Working on moving Linux's mm into lcd's.
I gave up trying to debug the hang. Confirmed the pages for the lcd's
vm are the ones I expect. Turned on red zones. All tests are passing.
Hang happens after insmod/rmmod of the lcd module about 10 - 20 times, it
varies. Sometimes one core just silently dies / doesn't even respond to
an NMI. Sometimes the ethernet driver complains (this could be an
unrelated bug that was fixed upstream).
Few things in this commit:
Updated documentation in Documentation/lcd-domains/.
Baby version of lib kernel, inside arch/x86/lcd-domains/liblcd.c.
Unfortunately due to the recursive make, this needs to be textually
included inside the modules destined for lcd's, for now.
Added new test modules and modified directory structure and
build system. See documentation in Documentation/lcd-domains.
A few tweaks to the nmi handler to print a backtrace. May remove that in
the future, as it's probably not safe to do inside an nmi handler (but if
we're in that error state, we might be desperate to know what's happening ...).
Changed interrupt handling in arch-dependent code. The KVM code we were using
is probably wrong for 64-bit - it doesn't properly switch stacks, etc., which
is super important for 64-bit and may be impossible to emulate in
software. I think this could be stale code inside KVM, but not sure. Dune
doesn't use it.

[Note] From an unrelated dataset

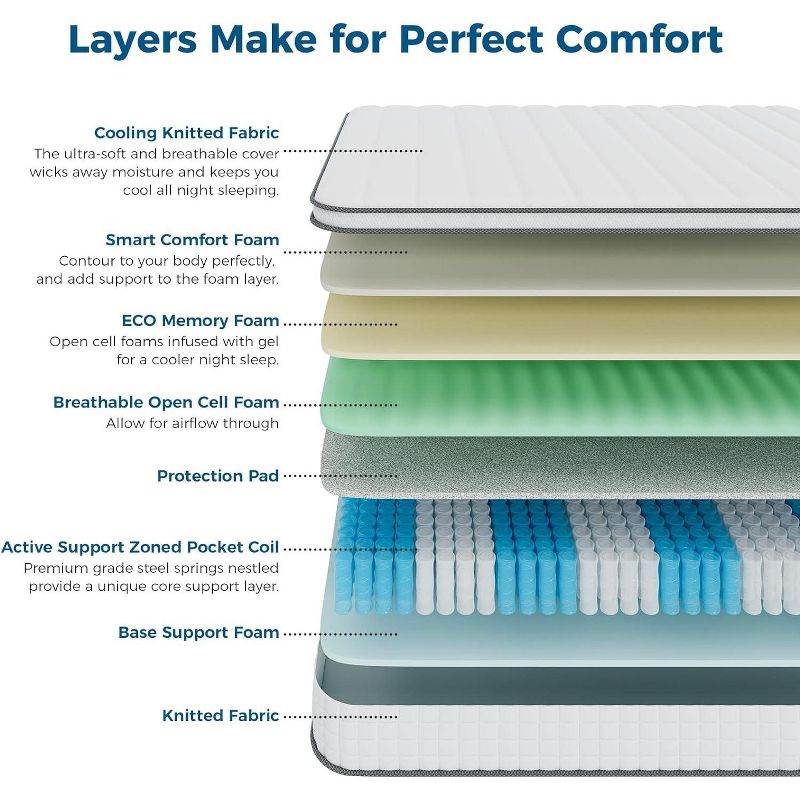ELJGET Twin XL Mattress, 10" Mixed Memory Foam Mattress, Bagged Spring, Medium Firm Feel and Motion Isolation

KVM doesn't ack external interrutps on vm exit, so I think
this interrupt emulation code is always skipped (at least for non-nested
Instead, we're not ack'ing interrupts on exit, and letting the native code
do the right thing, like Dune.
I was thinking this might be the source of the bad hang (stack
overflow, e.g.), but not true.
Resolved-by: Vikram Narayanan <firstname.lastname@example.org>